Siemens Plessey
- Type: Private
- Industry: Aerospace/Defence Electronics Engineering
- Founded: 1989 (as Siemens Plessey)
- Defunct: 1997
- Fate: UK defence assets merged with BAe (1997) German defence assets merged with DASA (1997)
- Successor: BAe (1997 - 1999) DASA (1997 - 2000) BAE Systems (1999 till date) EADS (2000 till date)
- Headquarters: United Kingdom
- Products: Electronics

= Siemens Plessey =

Siemens Plessey was the name given to the Plessey assets acquired by Siemens in 1989. Today most of these units are part of BAE Systems while some units are now part of EADS.

==History==

===Background: before 1989===
The history of the evolution of Siemens Plessey division traces to 1988, when the UK regulatory authorities rejected a full merger between the British-based industrial conglomerate - General Electric Company plc (GEC), and the Plessey company - a historic British-based international electronics, defence and telecommunications company founded in 1917. Plessey was at the time the second largest defence electronics contractor to the Ministry of Defence and the largest supplier of traffic control equipment. As a solution, GEC and Plessey merged their communications businesses the same year to form GEC Plessey Telecommunications (GPT).

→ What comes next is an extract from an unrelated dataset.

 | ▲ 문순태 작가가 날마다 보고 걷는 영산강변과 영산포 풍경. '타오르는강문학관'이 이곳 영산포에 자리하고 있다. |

=== Acquisition of Plessey, and Siemens Plessey: 1989-1997===
In 1989, GEC and Siemens AG set up a joint holding company, GEC Siemens plc, to launch a hostile takeover of Plessey, which succeeded. Most of Plessey's assets were divided between the companies (see: Plessey#Break-up of the business); except the 1988 founded GEC-Plessey joint venture - GPT, which was converted to a '60/40 GEC/Siemens joint venture'.

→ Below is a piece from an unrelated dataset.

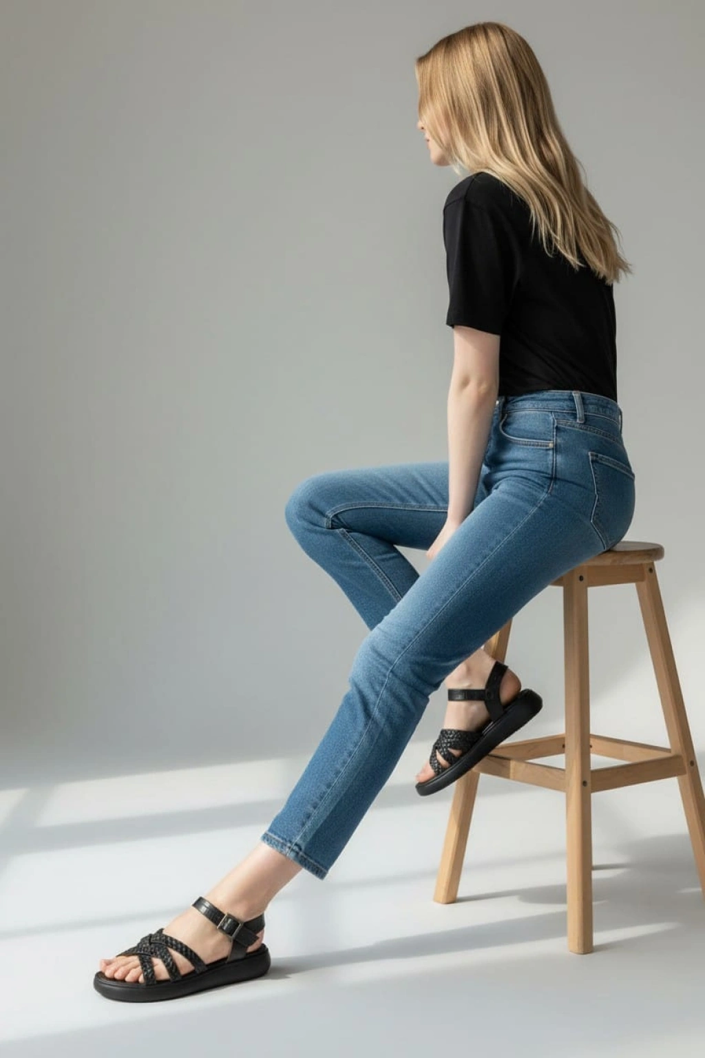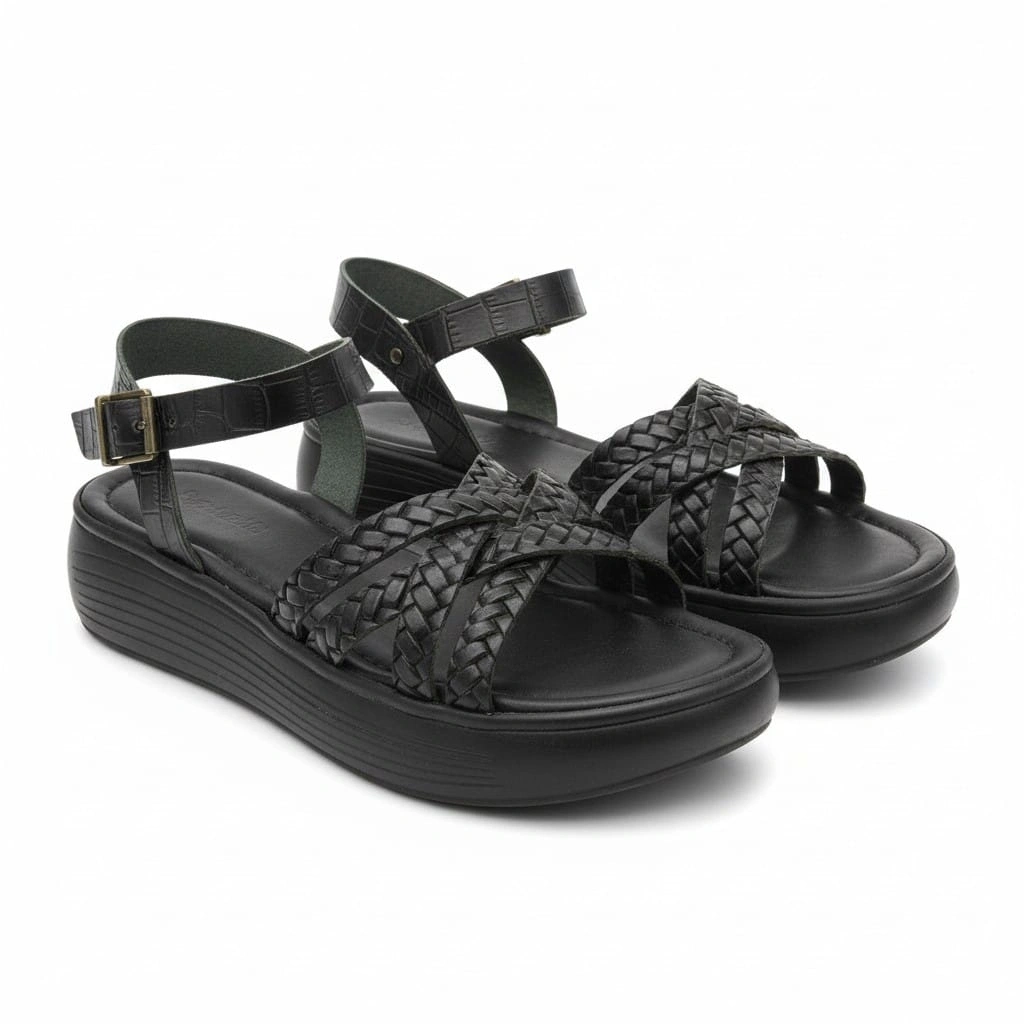 EFW %100 Hakiki Deri Siyah Çapraz Saç Örgülü Kadın Sandalet

The division of Plessey between these two partners meant the deal met with little regulatory opposition. Siemens acquired Plessey's radar systems, defence systems and traffic control businesses. The defence electronics operations became Siemens Plessey Systems (commonly referred to as Siemens Plessey) and Siemens Plessey Electronics Systems (Australia).

In 1997, Siemens came to an agreement with British Aerospace and DaimlerChrysler Aerospace AG (DASA) for the takeover of its defence electronics unit. BAe acquired the Siemens Plessey's defence businesses in UK, while DASA acquired the German part of the operations.

===Subsequent history: 1997 - to date===
The BAe acquired parts were eventually amalgamated into BAE Systems - formed by the 1999 merger of BAe and Marconi Electronic Systems (MES). The DASA acquired assets became part of EADS in July 2000 when DASA merged with the French Aérospatiale-Matra and Construcciones Aeronáuticas SA (CASA) of Spain.

Siemens Traffic Controls continued to operate as a unit of Siemens which later became part of Siemens Mobility before being sold to Mundys under the new name Yunex Traffic.